5. Dr. Hubby has brought home 7 cats in the last couple weeks. 5 are babies that need more attention than I have the time or energy to give them.

6. Dr. Hubby has been overly critical with me and I feel like I can't win for losing when it comes to "housewifery."

7. How does someone go about feeling "sexy" when you know you have the body straight off a "gag" birthday card from Spencers. I keep picturing the card with the big fat woman laying next to a birthday cake.

8. Yesterday was so craptastic that I ended it sitting in my porch swing. I needed quiet to think and relax. Unfortunately the main thought that came to me was "I'm not going to survive the summer if every day is like this."

I think I am going through one of those transitions, and I am having a hard time finding myself. I am sure you have noticed the zillion background changes to my blog...nothing seems to fit. I will figure out a way to lick my wounds and clean myself off soon I hope.

{pictures are 2 of the kittens after their bath}

11 comments:

cheri said...

awww, those days come and go. whenever that day comes, i always think that tomorrow is new day, and i hold on to that thought for dear life.

thanks for stopping by my blog :)

Kristina P. said...

You hang in there! You are beautiful. And I know your husband thinks so.

Julie Harward said...

Have a good cry and then get mad...and go to town on that life of yours...you are in charge! :D

laterg8r said...

i hope things get better soon :D

i'd give away the cats, tell MIL to mind her own biz, hire a housecleaner and a contractor on my own and let the chips fall where they may :D (or you could just chuck it all and go on an extended vaca LOL)

Dana and Daisy said...

oh I can so relate to your problems, I truly, truly can.
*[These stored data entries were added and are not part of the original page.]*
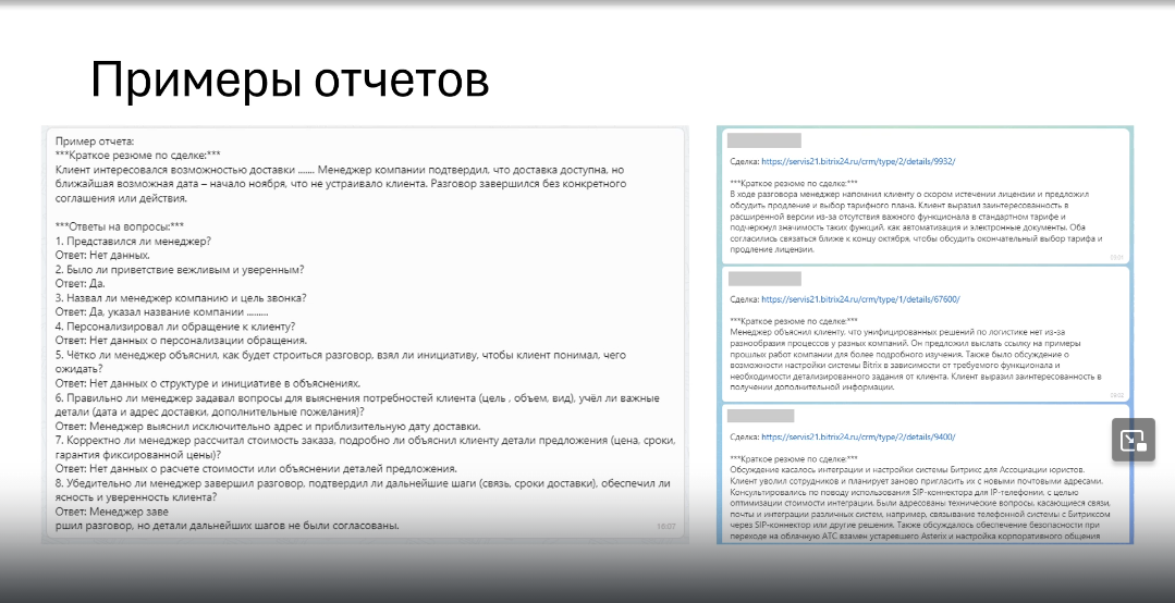 В целях контроля качества телефонных переговоров мы установили специальное приложение из Битрикс24.Маркет. Это приложение ежесуточно дает детальный отчет по телефонным переговорам, их результату, ошибках и нарушениях регламента менеджерами.
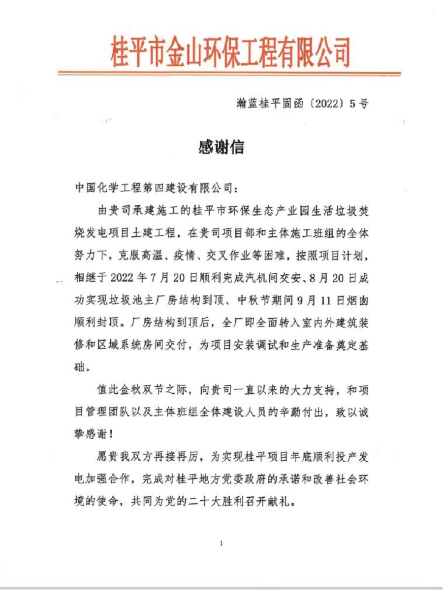 近日,由華南公司承建的桂平垃圾焚燒發電項目收到業主桂平市金山環保工程有限公司的感謝信,感謝公司的大力支持和項目團隊、主體班組全體建設人員的辛勤付出。
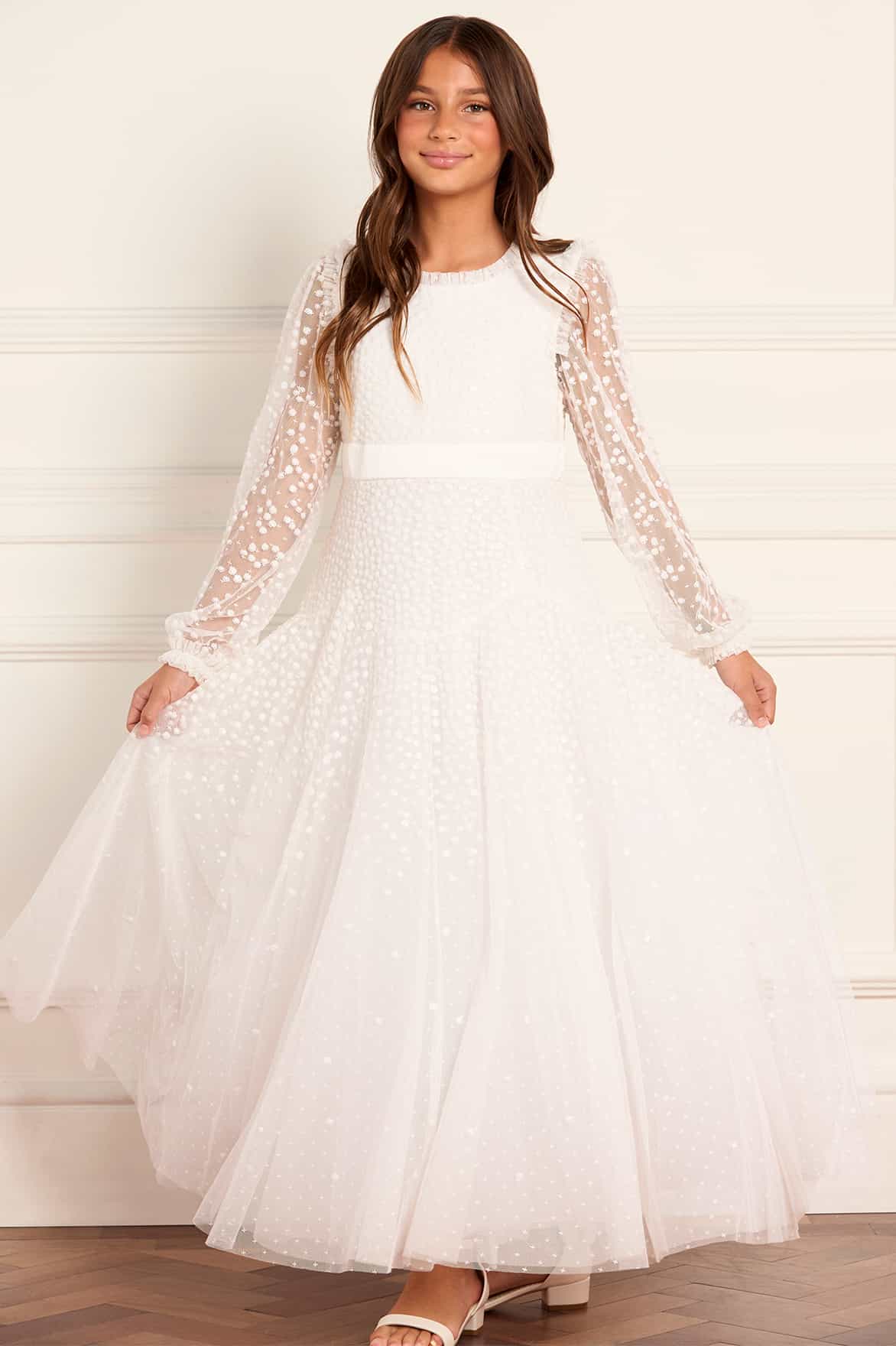 NEW SEASON. The Dappled Sequin Long Sleeve Kids Gown in Swan White. Glimmers with scattered sequins across layers of tulle. Designed with long sleeves and a soft, flowing skirt, this gown adds gentle sparkle to special occasions.

I've been in a slump lately. I have this beautifully newly redecorated home and I have hardly any energy to style it, clean it, finish the details.

The only thing I have learned is everythign goes in cycles. This too shall pass, it truly will.

As far as Dr. Hubby's birthday goes, take it easy on yourself. Try not to give power to those thoughts of the birthday card. Be the loving wife that you are to him, celebrate with the love of your kids, and let romance happen if the mood hits. He obviously loves you and has committed his life to you!

Sometimes we have to take our thoughts captive, before they eat us alive! ((((HUGS))))

just call me jo said...

First of all--MIL needs to butt out. I know because I am one (MIL) and I get told they don't want to talk about it every time I open my mouth. You'd think I'd quit, but NO! I just keep giving advice. Guess she means well. (I know I do.) She's an idiot like me and thinks her opinion matters. It doesn't. Try to let it slide off your thick skin. ;o) (Don't ask me where you get thick skin. I don't have it yet.)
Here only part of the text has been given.